# Quit!



## Clint Torres (Sep 10, 2019)

Finally done with my slave desk job! Full time Lyft in the South Bay starting today!


----------



## SurgeMasterMN (Sep 10, 2016)

You may have just traded a $Hit Sandwich for a Turd Burger ?. Anyways wish you luck on your driving endeavors.


----------



## Clint Torres (Sep 10, 2019)

Thanks for your beautiful thoughts. I hope life rewards you in kind


----------



## Don'tchasethesurge (Dec 27, 2016)

Good luck driving for peanuts.... you will be rich in no time.


----------



## Invisible (Jun 15, 2018)

Are you retired and Lyft is for extra money?


----------



## Clint Torres (Sep 10, 2019)

Invisible said:


> Are you retired and Lyft is for extra money?


Hardly...just Woke sooner than most


----------



## R3drang3r (Feb 16, 2019)

Clint Torres said:


> Finally done with my slave desk job! Full time Lyft in the South Bay starting today!


Welcome to the forum. Don't depend on just lift, sign up for them all.


----------



## Invisible (Jun 15, 2018)

Clint Torres said:


> Hardly...just Woke sooner than most


I'm not saying this to be harsh, but it's very tough to do these gigs full-time. When you first start, you'll get more rides, and many will be the good ones. But then it gets slower and slower, so plan accordingly.


----------



## Clint Torres (Sep 10, 2019)

Invisible said:


> I'm not saying this to be harsh, but it's very tough to do these gigs full-time. When you first start, you'll get more rides, and the good ones. But then it gets slower and slower, so plan accordingly.
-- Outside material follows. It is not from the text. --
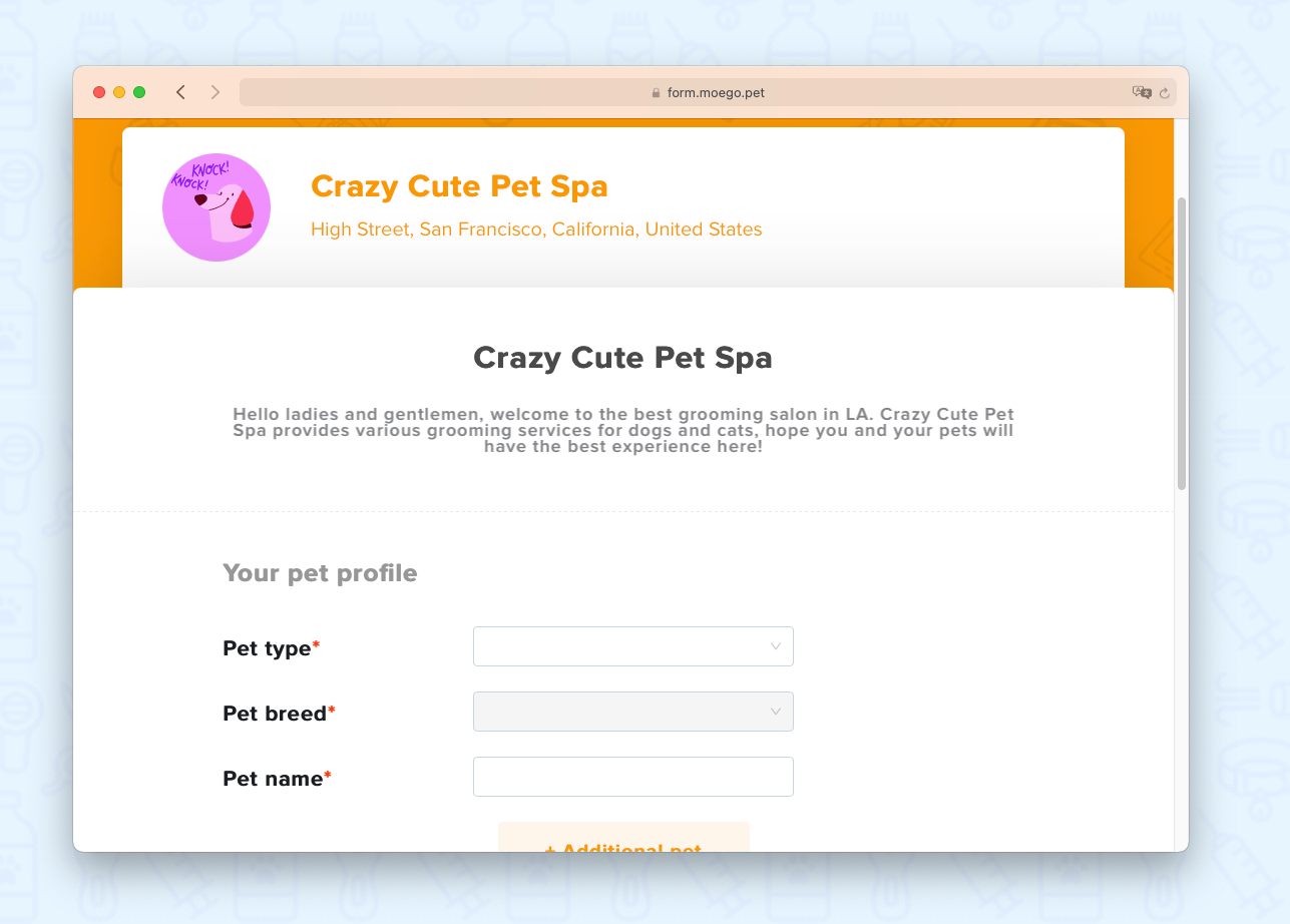 - For new customers, click on < Create profile >, a new profile will be saved for both pet and pet owner

Noted. Been having so much fun!


----------



## ratethis (Jan 7, 2017)

You may be woke... but I’m afraid there’s still nightmares to come... spend a little time reading these forums. It’s not as difficult as some make it out to be but even nightmares happen to the best of drivers. Good luck though, give it your best! Enjoy the honeymoon phase ?


----------



## Cold Fusion (Aug 28, 2019)

Clint Torres said:


> Noted. Been having so much fun!


Enjoy yourself ?

FYI: this website is Toxic and by No Means represents 
the experiences of the vast majority of drivers who enjoy ground transportation 
and schedule flexibility ✔


----------



## Clint Torres (Sep 10, 2019)

After cube life, this gig is just raw life


----------



## Invisible (Jun 15, 2018)

Clint Torres said:


> After cube life, this gig is just raw life


I did cube life for 20 years, so I understand what you're saying. I've been self-employed doing various gig work for too many years. Each year is more difficult, regardless of the app, because the pay is lowered and lowered. Just have a backup plan.


----------



## Mkang14 (Jun 29, 2019)

Clint Torres said:


> After cube life, this gig is just raw life


----------



## uberdummie (Apr 20, 2017)

Do not slavering yourself for U,L,DD,GH,PM or what so ever I'm called them a Bastard company. Ride share driver or Delivery driver = KUNTA KINTE. Don't be a KUNTA KINTE. IT people & corporate people there making good money. Restaurant partner & driver slavering themselves to pay this Mother****er... Go look for a real job.


----------



## Tom Oldman (Feb 2, 2019)

Clint Torres said:


> Finally done with my slave desk job! Full time Lyft in the South Bay starting today!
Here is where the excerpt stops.